Band director Bob Romano was outside, near the parking lot that connects his school and the adjacent Walnut Hill International Leadership Academy, just off Walnut Hill Lane and Lenel Place. Athletic trainer Raul Velazquez was nearby in his clinic, tending to his athletes. The clinic’s bay door, which faces the parking lot, was open. Assistant athletic director Brandi Elder was leaving the building, her day nearly done. 

Ten minutes after the final bell rang, a car with two people—one likely a student, officials said later—drove up, shot another student, and then drove away. (By Thursday, an arrest had been made, but district officials declined to give more details.)

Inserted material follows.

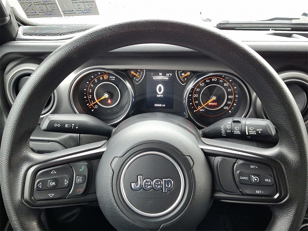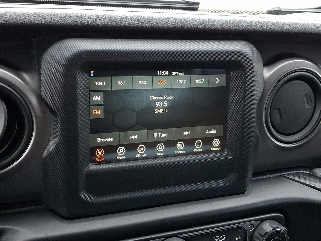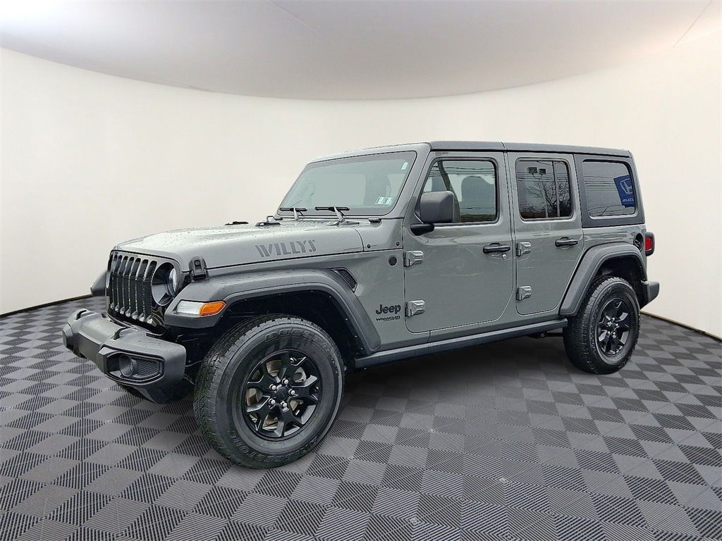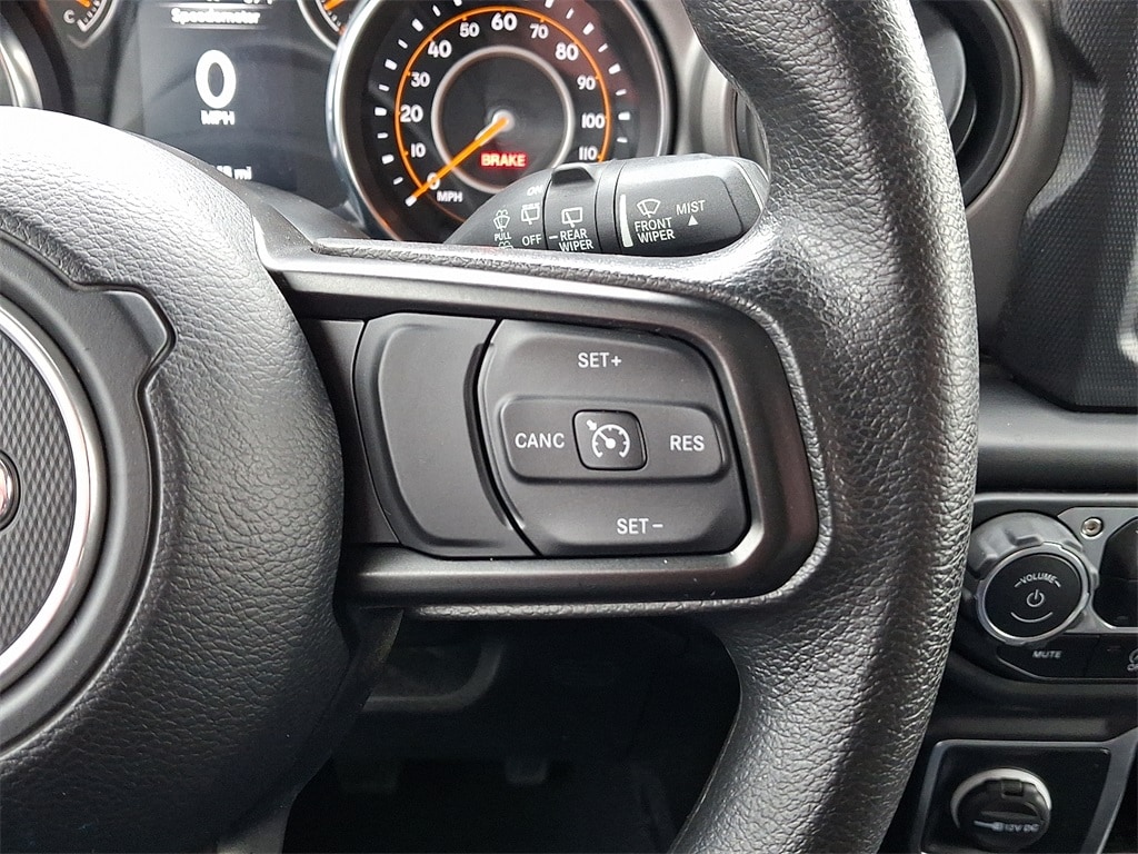 240 Amp Alternator, 4-Wheel Drive Swing Gate Decal, 7 & 4 Pin Wiring Harness, 700 Amp Maintenance Free Battery, 97 MPH Vehicle Max Speed Calibration, Air Conditioning, Anti-Spin Differential Rear Axle, Auxiliary Switches, BF Goodrich Brand Tires, Black Grille, Black Trail Rated Badge, Class II Receiver Hitch, Cloth Low-Back Bucket Seats, Deep Tint Sunscreen Windows, Front Bucket Seats, Matte Black Jeep Badge, Mold In Color Bumper w/Gloss Black, MOPAR All-Weather Floor Mats, Quick Order Package 23K Willys Sport, Radio: Uconnect 4 w/7" Display, Split folding rear seat, Steering wheel mounted audio controls, Traction control, Trailer Tow & HD Electrical Group, Wheels: 17" x 7.5" Moab Black Aluminum, Willys, Willys Hood Decal.

Seconds later, all three were rushing toward the parking lot where a student lay bleeding from a gunshot wound in the arm. All three are being heralded by Dallas ISD officials for the quick actions they took in the seconds and minutes that followed. 

“It didn’t sound like a gunshot at first; it was kind of muffled and away from us,” Romano recalled Thursday morning. “It wasn’t until I saw Raul running out from his clinic—and I was about 20 feet away from him—that we both ran over there.”